ABOUT THIS TASK:
All lines from the one containing "鲜花蛋糕都是配送当日新鲜材料制作而成,确保新鲜度,敬请放心订购!" down to the one containing "Vyzařovací diagramy smyček", both ends included, are to be given again exactly; omit the rest of the listing below.

TASK MATERIAL:
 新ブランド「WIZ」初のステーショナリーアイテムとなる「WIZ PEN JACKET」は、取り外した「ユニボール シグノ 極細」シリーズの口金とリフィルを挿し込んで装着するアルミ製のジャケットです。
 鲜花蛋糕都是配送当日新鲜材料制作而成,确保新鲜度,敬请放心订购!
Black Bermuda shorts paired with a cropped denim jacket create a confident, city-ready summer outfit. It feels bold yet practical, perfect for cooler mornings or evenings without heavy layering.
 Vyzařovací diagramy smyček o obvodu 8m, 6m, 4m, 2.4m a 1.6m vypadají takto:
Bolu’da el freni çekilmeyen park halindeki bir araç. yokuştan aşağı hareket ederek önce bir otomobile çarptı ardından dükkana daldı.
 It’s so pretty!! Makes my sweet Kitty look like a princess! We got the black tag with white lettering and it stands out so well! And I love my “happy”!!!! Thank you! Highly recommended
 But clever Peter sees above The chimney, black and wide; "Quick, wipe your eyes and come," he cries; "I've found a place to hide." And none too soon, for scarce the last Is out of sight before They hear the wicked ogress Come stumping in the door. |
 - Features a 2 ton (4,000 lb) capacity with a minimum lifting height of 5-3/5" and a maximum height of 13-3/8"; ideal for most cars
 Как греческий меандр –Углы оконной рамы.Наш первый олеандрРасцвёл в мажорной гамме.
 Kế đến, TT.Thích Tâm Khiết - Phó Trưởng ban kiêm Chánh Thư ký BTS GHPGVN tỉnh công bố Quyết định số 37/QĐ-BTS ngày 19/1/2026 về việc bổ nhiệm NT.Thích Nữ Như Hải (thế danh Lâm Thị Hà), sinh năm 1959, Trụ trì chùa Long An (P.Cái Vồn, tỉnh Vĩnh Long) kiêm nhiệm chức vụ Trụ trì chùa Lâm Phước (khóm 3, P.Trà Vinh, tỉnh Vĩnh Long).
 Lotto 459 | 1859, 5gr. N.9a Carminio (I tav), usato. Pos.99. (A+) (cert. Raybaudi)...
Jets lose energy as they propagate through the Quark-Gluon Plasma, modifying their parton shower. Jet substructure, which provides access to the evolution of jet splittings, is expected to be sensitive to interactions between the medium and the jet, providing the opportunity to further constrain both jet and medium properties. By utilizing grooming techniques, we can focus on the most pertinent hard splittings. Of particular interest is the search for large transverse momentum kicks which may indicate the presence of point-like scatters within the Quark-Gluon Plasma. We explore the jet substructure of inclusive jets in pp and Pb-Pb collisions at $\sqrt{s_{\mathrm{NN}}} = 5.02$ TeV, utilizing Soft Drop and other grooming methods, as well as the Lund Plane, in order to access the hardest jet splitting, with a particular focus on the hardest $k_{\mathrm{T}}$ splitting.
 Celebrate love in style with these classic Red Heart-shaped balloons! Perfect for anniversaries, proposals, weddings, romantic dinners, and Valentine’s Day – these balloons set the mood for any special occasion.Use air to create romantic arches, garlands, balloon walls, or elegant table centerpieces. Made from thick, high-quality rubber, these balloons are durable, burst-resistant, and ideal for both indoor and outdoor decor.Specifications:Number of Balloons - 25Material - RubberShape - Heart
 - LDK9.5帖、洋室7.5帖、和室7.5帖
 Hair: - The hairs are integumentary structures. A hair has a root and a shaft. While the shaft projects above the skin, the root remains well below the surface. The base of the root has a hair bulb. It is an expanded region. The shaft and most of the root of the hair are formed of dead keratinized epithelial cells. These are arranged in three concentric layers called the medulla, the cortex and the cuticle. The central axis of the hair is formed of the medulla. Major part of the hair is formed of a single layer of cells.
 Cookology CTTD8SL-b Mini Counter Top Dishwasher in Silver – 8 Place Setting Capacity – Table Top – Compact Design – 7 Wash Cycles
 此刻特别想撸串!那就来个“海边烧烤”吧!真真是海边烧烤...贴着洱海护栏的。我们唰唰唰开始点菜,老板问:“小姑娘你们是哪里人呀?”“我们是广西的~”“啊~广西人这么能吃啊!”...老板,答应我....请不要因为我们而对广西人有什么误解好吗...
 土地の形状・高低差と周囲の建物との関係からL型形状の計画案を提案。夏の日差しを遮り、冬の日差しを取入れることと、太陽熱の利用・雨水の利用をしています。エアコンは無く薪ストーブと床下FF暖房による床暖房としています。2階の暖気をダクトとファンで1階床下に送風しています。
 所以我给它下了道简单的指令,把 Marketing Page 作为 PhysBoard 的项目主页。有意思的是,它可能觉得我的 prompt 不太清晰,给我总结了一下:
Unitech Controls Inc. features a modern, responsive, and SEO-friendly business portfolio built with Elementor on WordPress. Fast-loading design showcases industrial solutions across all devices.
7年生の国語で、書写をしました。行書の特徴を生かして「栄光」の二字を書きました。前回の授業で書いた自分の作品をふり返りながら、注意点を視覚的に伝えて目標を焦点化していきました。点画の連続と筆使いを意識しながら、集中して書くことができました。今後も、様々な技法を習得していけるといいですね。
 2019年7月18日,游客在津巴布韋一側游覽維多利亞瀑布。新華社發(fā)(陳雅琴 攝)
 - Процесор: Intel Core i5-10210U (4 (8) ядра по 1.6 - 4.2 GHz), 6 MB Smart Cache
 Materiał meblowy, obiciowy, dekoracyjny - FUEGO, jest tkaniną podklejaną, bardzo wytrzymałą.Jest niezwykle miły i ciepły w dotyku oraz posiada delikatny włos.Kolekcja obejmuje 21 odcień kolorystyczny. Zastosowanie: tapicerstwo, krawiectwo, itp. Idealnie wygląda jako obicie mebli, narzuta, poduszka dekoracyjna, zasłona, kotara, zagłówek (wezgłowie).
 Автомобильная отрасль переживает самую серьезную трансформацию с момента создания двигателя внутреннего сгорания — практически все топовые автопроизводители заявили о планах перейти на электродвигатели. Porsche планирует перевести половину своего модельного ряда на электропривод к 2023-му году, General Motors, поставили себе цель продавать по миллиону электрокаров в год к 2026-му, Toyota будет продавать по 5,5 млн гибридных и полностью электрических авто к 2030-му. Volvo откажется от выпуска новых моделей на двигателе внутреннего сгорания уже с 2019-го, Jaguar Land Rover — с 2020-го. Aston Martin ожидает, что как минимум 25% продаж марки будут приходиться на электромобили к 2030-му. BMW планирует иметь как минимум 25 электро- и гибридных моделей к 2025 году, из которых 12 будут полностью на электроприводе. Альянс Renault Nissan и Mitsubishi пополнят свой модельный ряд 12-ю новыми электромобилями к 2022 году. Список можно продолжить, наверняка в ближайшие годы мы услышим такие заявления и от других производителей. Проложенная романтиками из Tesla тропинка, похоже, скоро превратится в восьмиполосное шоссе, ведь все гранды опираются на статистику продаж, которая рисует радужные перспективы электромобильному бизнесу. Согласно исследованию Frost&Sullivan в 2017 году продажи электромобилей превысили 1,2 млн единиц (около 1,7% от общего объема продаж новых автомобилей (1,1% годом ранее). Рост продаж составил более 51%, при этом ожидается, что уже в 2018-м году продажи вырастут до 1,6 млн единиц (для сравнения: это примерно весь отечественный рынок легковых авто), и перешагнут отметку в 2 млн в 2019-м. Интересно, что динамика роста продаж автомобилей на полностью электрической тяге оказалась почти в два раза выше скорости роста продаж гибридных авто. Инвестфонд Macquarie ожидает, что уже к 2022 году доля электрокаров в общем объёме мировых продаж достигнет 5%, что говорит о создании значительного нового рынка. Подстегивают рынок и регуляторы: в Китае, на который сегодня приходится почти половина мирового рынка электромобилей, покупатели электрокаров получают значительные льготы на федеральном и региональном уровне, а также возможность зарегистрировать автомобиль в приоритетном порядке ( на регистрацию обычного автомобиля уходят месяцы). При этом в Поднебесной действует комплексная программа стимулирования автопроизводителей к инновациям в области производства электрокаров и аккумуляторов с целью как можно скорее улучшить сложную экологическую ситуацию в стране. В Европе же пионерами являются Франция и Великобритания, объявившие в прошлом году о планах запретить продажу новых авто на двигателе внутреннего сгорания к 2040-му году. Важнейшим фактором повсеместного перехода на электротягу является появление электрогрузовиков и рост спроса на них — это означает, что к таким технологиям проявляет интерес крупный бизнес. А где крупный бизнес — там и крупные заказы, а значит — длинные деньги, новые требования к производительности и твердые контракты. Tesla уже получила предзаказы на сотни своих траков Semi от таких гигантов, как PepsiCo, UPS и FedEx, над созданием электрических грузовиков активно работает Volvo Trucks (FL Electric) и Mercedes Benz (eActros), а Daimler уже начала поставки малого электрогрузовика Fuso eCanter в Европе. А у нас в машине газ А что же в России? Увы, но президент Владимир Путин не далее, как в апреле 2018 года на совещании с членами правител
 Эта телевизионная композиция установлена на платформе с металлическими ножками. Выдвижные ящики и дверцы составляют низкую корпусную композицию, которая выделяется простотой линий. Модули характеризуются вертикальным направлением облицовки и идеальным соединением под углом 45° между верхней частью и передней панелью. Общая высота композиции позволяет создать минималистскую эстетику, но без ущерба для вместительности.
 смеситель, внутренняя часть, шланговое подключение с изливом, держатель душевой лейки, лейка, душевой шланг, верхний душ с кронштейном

RESPONSE AREA:
 鲜花蛋糕都是配送当日新鲜材料制作而成,确保新鲜度,敬请放心订购!
Black Bermuda shorts paired with a cropped denim jacket create a confident, city-ready summer outfit. It feels bold yet practical, perfect for cooler mornings or evenings without heavy layering.
 Vyzařovací diagramy smyček o obvodu 8m, 6m, 4m, 2.4m a 1.6m vypadají takto:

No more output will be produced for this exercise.